Dalam praktiknya, MDP dapat memberikan penjelasan teknis-deskriptif mengenai konteks klinis, misalnya mekanisme tindakan medis atau dampak keterbatasan fasilitas, tetapi tidak boleh menyimpulkan unsur pidana. Quasi-judicial MDP menilai apakah tindakan tenaga medis sesuai dengan standar profesi, standar pelayanan, dan SPO.

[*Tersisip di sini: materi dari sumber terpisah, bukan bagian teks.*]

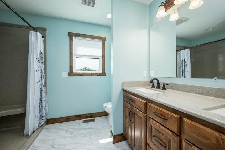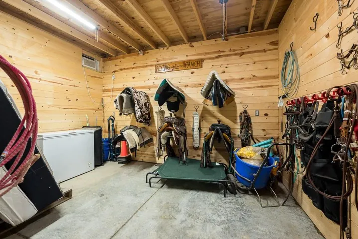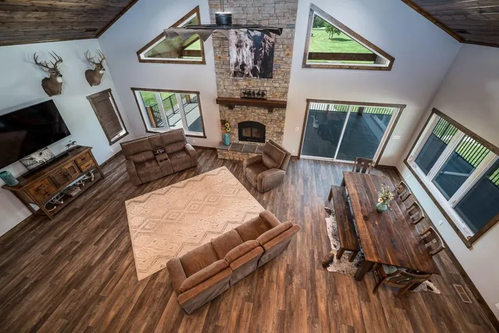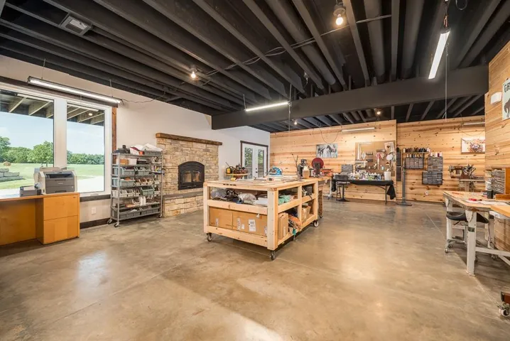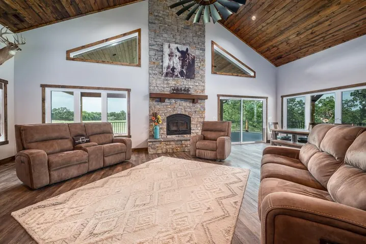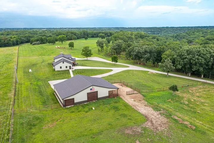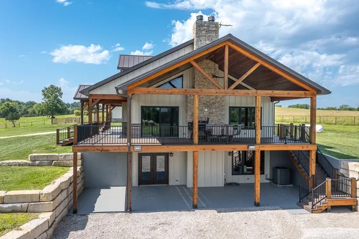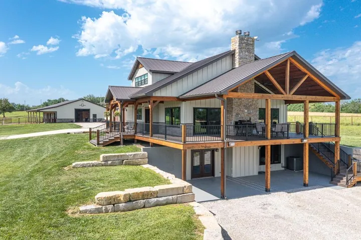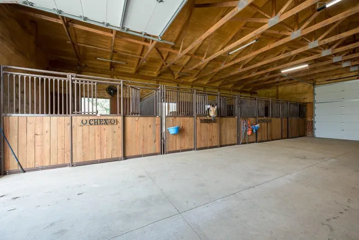 +"PublicRemarks": "NEWLY BUILT ESTATE HOME ON 53+ ACRES: A HORSE LOVER'S PARADISE! This exceptional 1.5-story home features 4 bedrooms and 3.5 baths, offering the perfect blend of luxury and rustic charm. The huge great room boasts a floor-to-ceiling stone fireplace and rustic wood-lined vaulted ceilings, creating a warm and inviting atmosphere. The chef's kitchen is equipped with an island, granite counters, and a walk-in pantry. The main level master suite includes his-and-hers closets and a private bath with double vanities and a shower, with the entire main level being handicap accessible. The second floor features 2 bedrooms, a family room area, and a loft that overlooks the great room. The walkout basement includes a 4th bedroom, full bath, and a workshop with a stone wood-burning fireplace. The home also has a wraparound covered deck, a 2-car garage with drive-through access, and a 60x48 barn with 4 horse stalls, a tack room, a horse wash rack, multiple large doors, and 45x48 paddock. The front field is 4.7 acres and has 2900 feet of smooth metal pipe fencing, ready for horses or livestock, and approximately 9+ acres are dedicated to hay ground, and lots of woods with ATV trails. This is the perfect retreat for those who appreciate both comfort and equestrian amenities."

Bila pelanggaran terbukti, MDP bisa memberikan sanksi administratif dan rekomendasi pidana. Namun, jika standar tidak dilanggar, MDP wajib menutup perkara disiplin meski hasil klinis pasien buruk. Adverse outcome bukan indikator pelanggaran; pelayanan profesional yang sesuai standar tetap harus dianggap benar secara hukum maupun disiplin.
Disiplin Profesi Sebagai Filter Awal
Kasus fatal di layanan kesehatan biasanya melibatkan kombinasi beberapa faktor: kondisi pasien, keterbatasan fasilitas, kebijakan rumah sakit, hingga situasi gawat darurat yang cepat berubah. Bila faktor sistem lebih dominan, MDP tidak tepat menimbulkan kesan unsur pidana terpenuhi. Disiplin profesi berfungsi sebagai filter awal, bukan alat kriminalisasi.
Rekomendasi pidana MDP tidak otomatis membuat tenaga medis dipidana. Aparat penegak hukum tetap melakukan penyidikan lengkap, termasuk menilai kausalitas, motif, keadaan memaksa, faktor pembenar dan pemaaf, serta unsur kesalahan sesuai KUHP. Rekomendasi MDP hanyalah pendapat profesi, bukan vonis.
UU Kesehatan dan KUHP Baru: Pendekatan Proporsional
UU No. 1 Tahun 2023 tentang KUHP memberikan pidana alternatif untuk ancaman kurang dari lima tahun, seperti kerja sosial, bukan sekadar penjara. Sementara UU 17/2023 membatasi ancaman maksimal tiga tahun bagi kelalaian tenaga medis. Kombinasi keduanya memungkinkan proses hukum berjalan adil tanpa menghancurkan keberanian klinis tenaga medis.
Di era digital, opini publik mudah terpengaruh viralitas kasus medis. Namun, disiplin profesi membutuhkan ketenangan, objektivitas, dan pembuktian bertahap. Transparansi berarti menjaga integritas prosedur, independensi majelis, dan dasar argumentasi yang jelas, bukan membuka seluruh isi sidang.
MDP memiliki posisi strategis dalam menjaga keadilan medis. Dengan memegang teguh mandatnya menilai standar profesi, bukan unsur pidana MDP menjadi penjaga integritas sistem kesehatan sekaligus memastikan pemidanaan diterapkan hanya bila benar-benar diperlukan dan berdasarkan bukti yang kuat.